Do you have any references I could look at about the self-similar nature of the internet? I’d like to read more about it.
Aloha based networks are not actually “transmit when you want to”, they are “transmit when you want to, if nobody else is talking”. This makes a big difference, since a collision is virtually guaranteed at high utilizations in the first case, but allows a much higher utilization in the second. In fact, the limit of utilization becomes dependent on the overall physical size of the network in the second case.
I second Lassi’s commendation of this is as a good start. My only quibble would be that it seems a bit odd to list basic distributions — even referring to a ‘bell’ curve as the limit of the binomial — and yet decline to at least mention the normal, even in a “then there’s this other thing that turns out to be rather important in ways we’ll go into next time” sort of way. If it’s because you’re being picky about distributions as discrete, then you should say so — especially given your less pedantic approach in the previous post…
geometric (exponential decay, roughly, describing the distribution of how many games one needs to play to achieve the first “win”)?
(rough) example: my team wins about .40 of its games, based on past performance. How many games will we play this year before we win our first league game?
“Do you have any references I could look at about the self-similar nature of the internet? I’d like to read more about it.”
I tried to Google for something that is on-line (using “self-similar distribution internet”), but all relevant articles seem to be behind a paywall. Of course many readers of your blog have access to IEEE or ACM libraries, so they can read them.
Sorry for a terse answer, but I’ll be in Dubai for the rest of the week, and the plane leaves pretty soon…

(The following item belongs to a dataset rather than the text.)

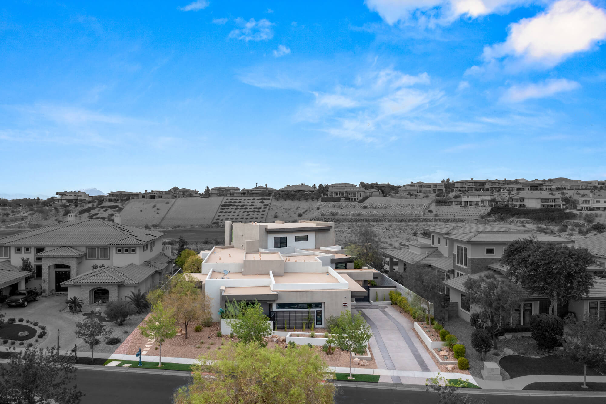 The kitchen has a Wolf cooktop, Sub-Zero appliances, two ovens, a large stainless steel farmhouse sink, prep sink, wine refrigerator and a custom hood that is a work of art! There is also a large walk-in adjacent pantry. The great room is generous in size with a fireplace, custom shelving and built-ins. Opening to the outdoors, there is a sparkling pool, bubbling fountain feature and built-in BBQ with bar seating. There is also a large grassy area, perfect for children or pets. The attached casita has a private entry, along with its own patio area, ensuite bathroom and hospitality bar. The additional bedrooms are generous in size with ensuite bathrooms and walk-in closets. One bedroom is currently being used as a fabulous home theater with black-out drapes and projector screen. With an ensuite bathroom and closet, this is easily the 5th bedroom or home office. The primary bedrooms, along with the secondary bedrooms, are on the main level. The primary bedroom is a sanctuary with large glass sliders, which open to an incredible Private Spa and a custom Sauna. There is also a fireplace, an abundance of custom cabinets and ample closet space with pull-downs. The bathroom is bright and airy with two separate sink areas, make-up vanity and a large walk-in shower. There is also a Zen-designed soaking tub. The primary bedroom is a welcoming retreat. The second level is an amazing space, with so much flexibility as there is a wet bar and ensuite bathroom. Currently being used as an office along with a home gym, there is room to spare. One is completely drawn outside to the balcony area with glass "railing" which allow for breathtaking views, day or night. This stunning home is a mix of modern luxury, quality details and finishes, yet an extremely comfortable home perfect for today's living. Located in the prestigious 24-hour guard gated community of Seven Hills, this neighborhood is close to shopping, dining, entertainment and a short drive to the Airport.

They just wrote an interesting post about visualizing higher dimensional distributions over at Overcoming Bias:
http://www.overcomingbias.com/2008/04/conf-space.html
Citeseer seems to have a number of papers. The one below seems pretty good though it doesn’t discuss the “hurst” parameter which is an interesting way of gauging the level of self-similarity in traffic.
http://citeseer.ist.psu.edu/uhlig01understanding.html
what you quoted as zipf is actually exponential
p(x)~(1/C)^x
with C const
a power law is p(d)~d^(-C)
where C is a constant
for words i think it is C=3/2 or 5/2 but too lazy to google
Nothing about the normal distribution?
Or the t-distribution?
Or the F-distribution?
or Chi-square?
I’d say those are the four I use most as a statistician.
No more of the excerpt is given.